Question

Valeria and Autumn are reading the same book. At the beginning of the month, Valeria was on page 20 and Autumn was on page 40. Valeria will read 20 pages per day and Autumn will read 15 pages per day. Let VV represent the page of the book that Valeria is on at the end of tt days into the month, and let AA represent the page of the book that Autumn is on at the end of tt days into the month. Graph each function and determine after how many days, t, commat, Valeria and Autumn will be on the same page of the book.
There are no human answers yet.
Answered by GPT-4o mini
To find out when Valeria and Autumn will be on the same page of the book, we can start by defining the functions for the pages they are each on after \( t \) days.
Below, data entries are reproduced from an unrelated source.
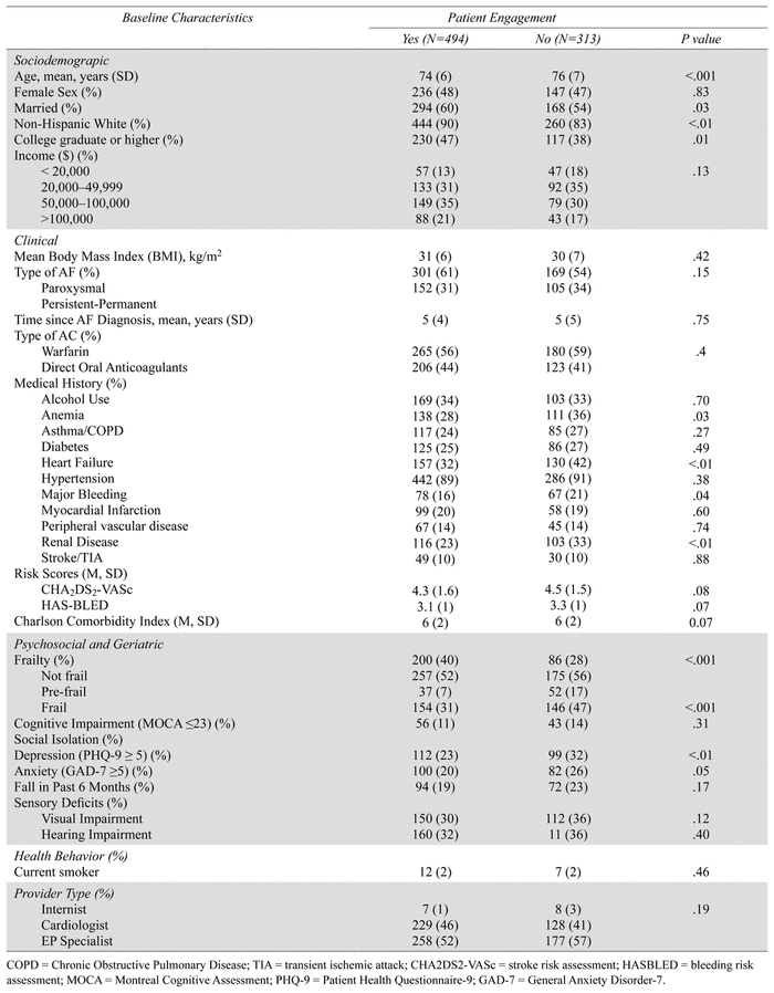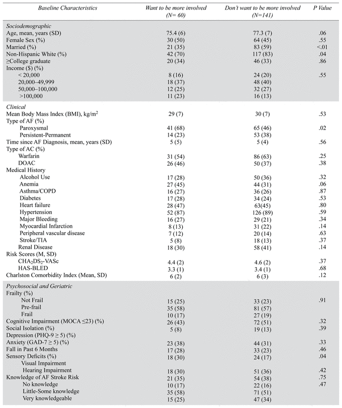 We used data from the Systematic Assessment of Geriatric Elements-Atrial Fibrillation study which includes older ( ≥65 years) patients with AF and a CHA2DS2-VASc≥2. Participants reported engagement in SDM by answering whether they actively participated in choosing to take an oral anticoagulant (OAC) for their condition. Multiple logistic regression was used to assess associations between sociodemographic, clinical, geriatric, and psychosocial factors and patient engagement in SDM.
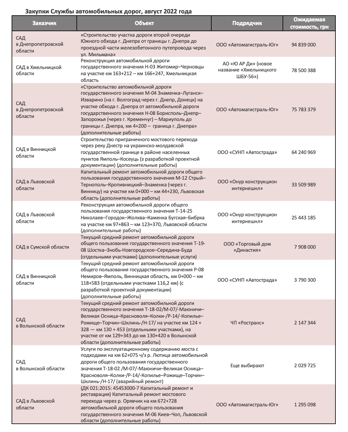 В августе службы автодорог объявили закупки на дорожный ремонт на 390 млн грн. Только одна касается деоккупированной Сумщины. Самые крупные подряды — это большая дорога в пригороде Днепра. Остальное — мосты и дороги, которые не были повреждены врагом (см. табл.). И почти все — тем же фаворитам Укравтодора, которые в последние годы и делили маржу «Большого строительства».
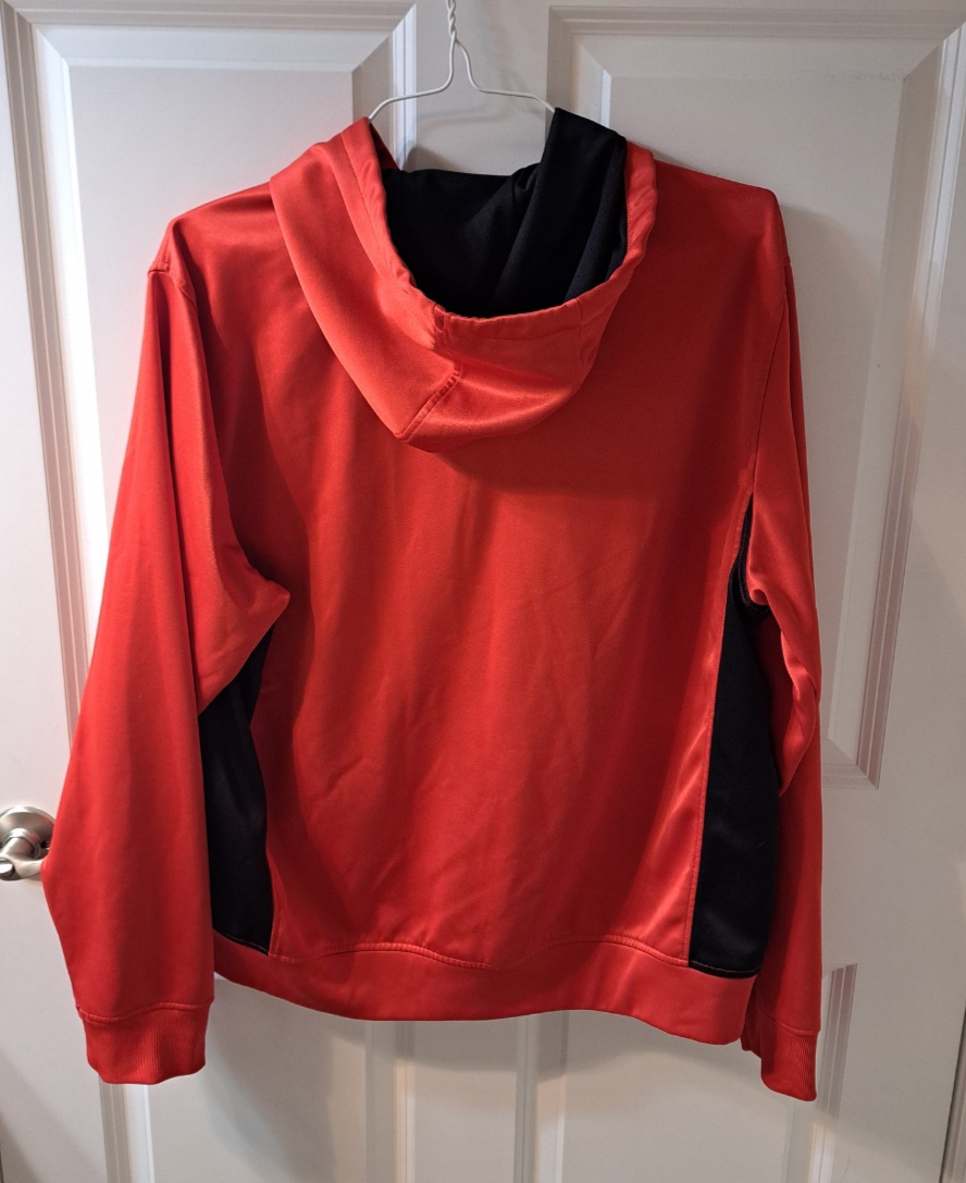 Very nice, used, but great condition, FILA zipper front hoodie. Size Large, but it fits more like an Extra Large. Measurements are in the photos. 100% Polyester. Comes from my nonsmoking home. Always FREE SHIPPING
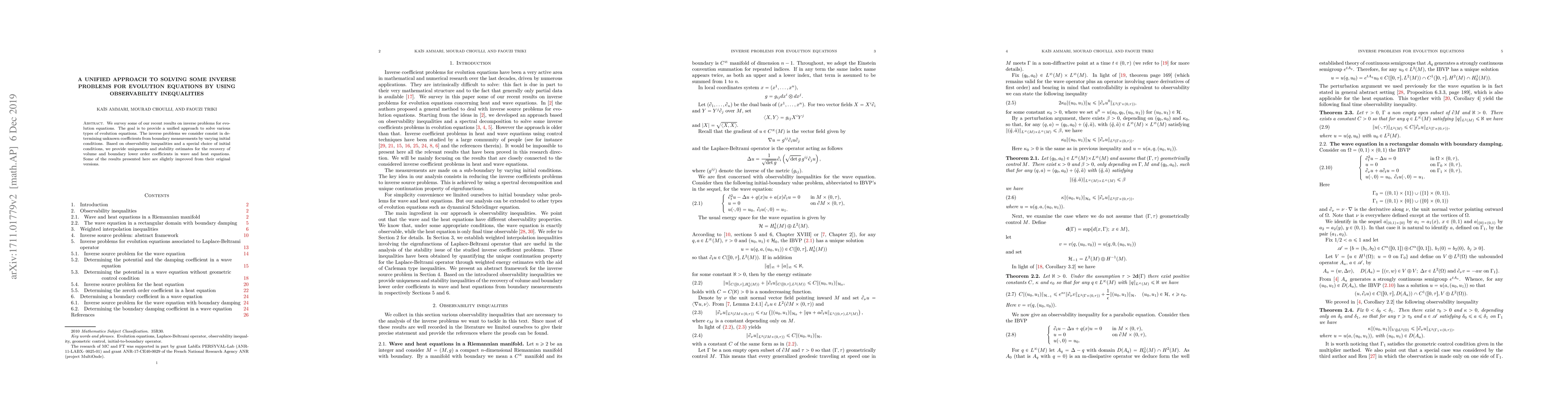 This paper surveys recent results on inverse problems for evolution equations, aiming to unify solutions through observability inequalities. It focuses on determining unknown coefficients from boundary measurements, providing uniqueness and stability estimates for recovering volume and boundary lower-order coefficients in wave and heat equations.

1. **Valeria's page function, \( V(t) \)**:
- She starts on page 20 and reads 20 pages per day.
- The function can be represented as:
\[
V(t) = 20 + 20t
\]

2. **Autumn's page function, \( A(t) \)**:
- She starts on page 40 and reads 15 pages per day.
- The function can be represented as:
\[
A(t) = 40 + 15t
\]

Next, we set these two functions equal to find out when they will be on the same page:
\[
20 + 20t = 40 + 15t
\]

Now, we'll solve for \( t \):

1. Subtract \( 15t \) from both sides:
\[
20 + 20t - 15t = 40
\]
\[
20 + 5t = 40
\]

2. Subtract 20 from both sides:
\[
5t = 20
\]

3. Divide both sides by 5:
\[
t = 4
\]

Thus, Valeria and Autumn will be on the same page after 4 days.

### Verification

We can check what page they will be on after 4 days:

- For Valeria:
\[
V(4) = 20 + 20(4) = 20 + 80 = 100
\]

- For Autumn:
\[
A(4) = 40 + 15(4) = 40 + 60 = 100
\]

Both will be on page 100 after 4 days.

### Conclusion

Valeria and Autumn will be on the same page of the book after \( t = 4 \) days.